**TASK BRIEF**
Would you transcribe the entries below, beginning at the line with "Inde finder du" and ending after the line with "Áo bẹt vai đan", exactly, with no picture and nothing more?

**GIVEN ENTRIES**
****************************************

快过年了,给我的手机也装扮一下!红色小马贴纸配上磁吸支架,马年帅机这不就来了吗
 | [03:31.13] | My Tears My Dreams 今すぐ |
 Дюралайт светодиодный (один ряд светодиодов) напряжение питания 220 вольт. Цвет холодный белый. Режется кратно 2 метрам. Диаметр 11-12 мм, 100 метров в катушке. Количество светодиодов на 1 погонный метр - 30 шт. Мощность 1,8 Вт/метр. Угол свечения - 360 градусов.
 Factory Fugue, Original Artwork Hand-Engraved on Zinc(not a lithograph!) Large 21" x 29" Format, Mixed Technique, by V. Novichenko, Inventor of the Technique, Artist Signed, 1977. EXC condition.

****************************************

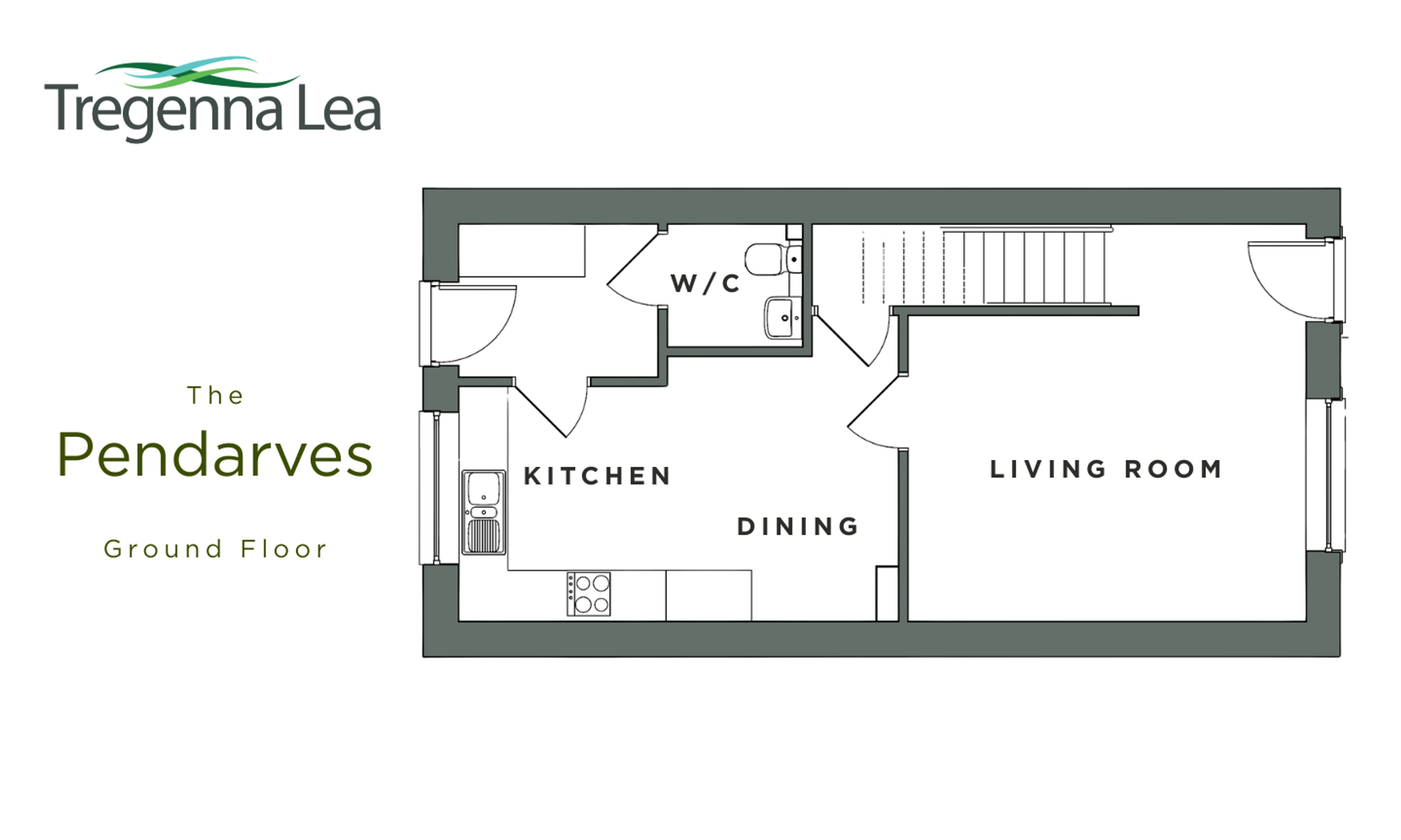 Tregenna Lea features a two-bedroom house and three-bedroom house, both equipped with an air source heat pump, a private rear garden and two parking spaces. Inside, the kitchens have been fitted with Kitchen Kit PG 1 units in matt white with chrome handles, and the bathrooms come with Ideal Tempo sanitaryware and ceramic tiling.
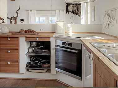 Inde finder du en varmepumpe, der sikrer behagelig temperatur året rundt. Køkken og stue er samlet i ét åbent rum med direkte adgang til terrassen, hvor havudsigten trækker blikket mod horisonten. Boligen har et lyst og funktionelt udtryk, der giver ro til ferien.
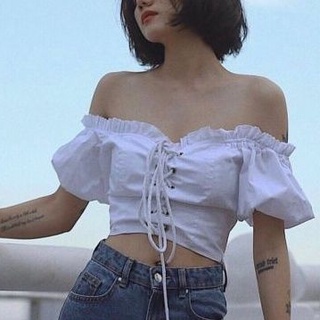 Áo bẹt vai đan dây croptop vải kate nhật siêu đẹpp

****************************************

**ANSWER BELOW**
 Inde finder du en varmepumpe, der sikrer behagelig temperatur året rundt. Køkken og stue er samlet i ét åbent rum med direkte adgang til terrassen, hvor havudsigten trækker blikket mod horisonten. Boligen har et lyst og funktionelt udtryk, der giver ro til ferien.
 Áo bẹt vai đan dây croptop vải kate nhật siêu đẹpp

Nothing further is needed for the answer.